Communalytic can collect public posts from a given subreddit (including submissions, comments and replies) for up to 7 consecutive days in the Edu version and up to 31 consecutive days in the Pro version. Note: The collection of live posts is available in the Pro version only. The Edu version can only collect historical data.
What’s a Subreddit you may ask? Subreddits are online groups/forums on Reddit dedicated to a specific topic(s). If this is your first time working with Reddit data, we suggest you watch The Beginner’s Guide to Reddit from Mashable or a bit longer introductory video about Reddit from Teknikforce.
Technical Details: Communalytic uses Reddit’s public API to collect data via the PRAW library. As outlined in the table below, Communalytic starts by retrieving 100 most recent submissions in a given subreddit (Stage 1). The collection then continues by retrieving new submissions until the specified end date at 00:01 UTC (Stage 2). Both Stage 1 and 2 rely on PRAW’s SubredditStream to collect information about submissions. In the last stage (Stage 3), Communalytic goes over all of the submissions collected during Stage 2 & 3 and retrieves comments and replies via PRAW’s Submission.comments call.
Three Stages of Live Data Collection from Reddit
Stage 1: Collect 100 most recent submissions
Communalytic starts by retrieving 100 most recent submissions (=thread starting posts), even if they are posted before the current date.

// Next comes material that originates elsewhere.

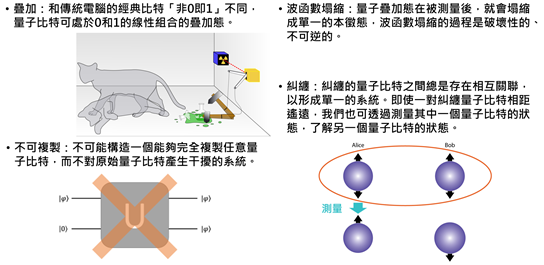 「量子疊加」、「波函數塌縮」、「量子糾纏」是量子力學的基本特性,而「不可複製定理」則是確保了量子加密通訊的安全性,可以避免金鑰被竊聽和被破解。

Stage 2: Collect new submissions until the end date/time (UTC)
The collection continues until the specified end date and time (UTC).
Please note some submissions in “high volume” subreddits such as r/all may be missed due to the API limitation.

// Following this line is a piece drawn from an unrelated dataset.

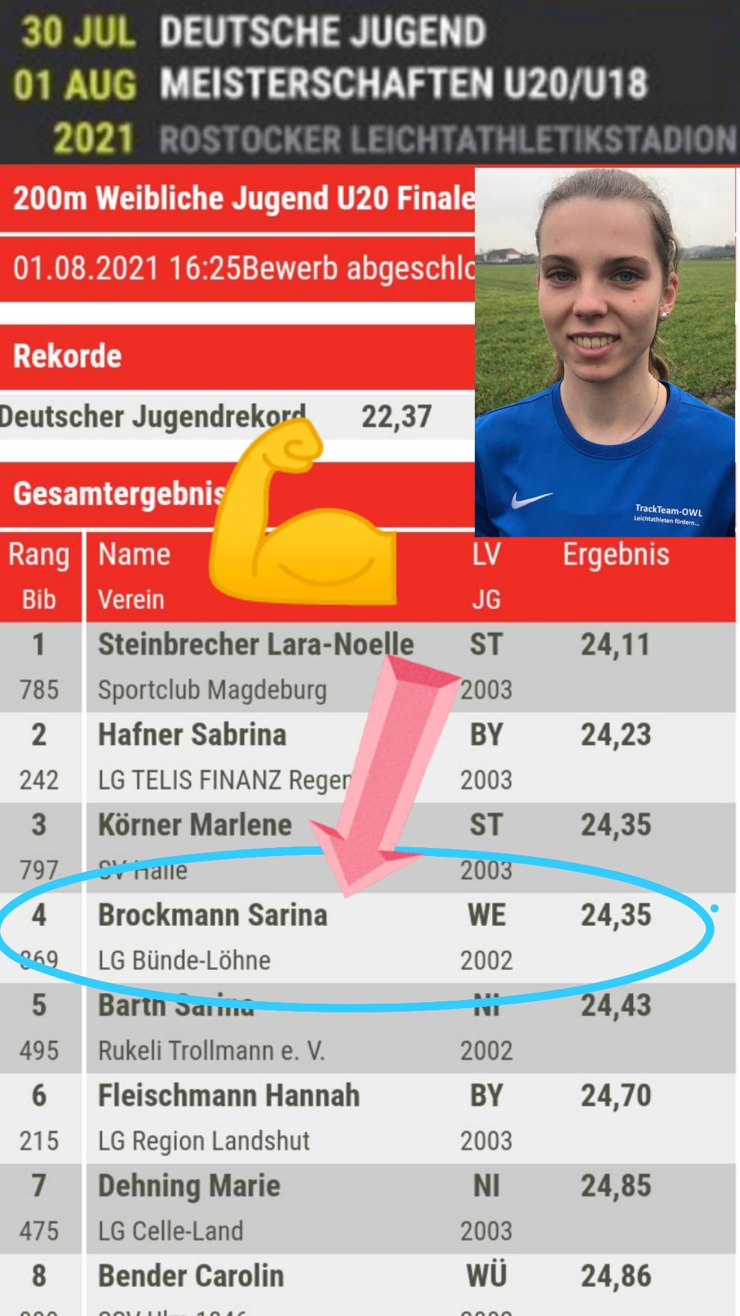 Als schnellste Ostwestfälin und mit der besten Finalplatzierung (Platz 4) in der U20 durfte sich 200-Meter Läuferin Sarina Brockmann (LG Bünde-Löhne) schmücken. Lediglich eine Tausendstel trennte sie von Bronze, wie sich nach eingehender Analyse des Zieleinlaufs herausstellte. Zwar konnte sich Sarina gegenüber letztem Jahr, wo sie sich mit 24.08 Sekunden sehr dicht an die Normen für die Junioren-EM und -WM annäherte nicht verbessern, dennoch ein Achtungserfolg.

Stage 3: Collect comments and replies
During the final stage, Communalytic attempts to retrieve all comments and replies to comments corresponding to the submissions that have been collected during Stage 1 and 2.
Please note that any comments or replies that have been deleted will not be collected during this stage.
The following steps show how to collect data from Reddit using Communalytic. The procedure for the EDU and PRO versions are similar. The main difference is that the Pro version can collect both live and historical posts from a given subreddit, while the Edu version can only collect historical data.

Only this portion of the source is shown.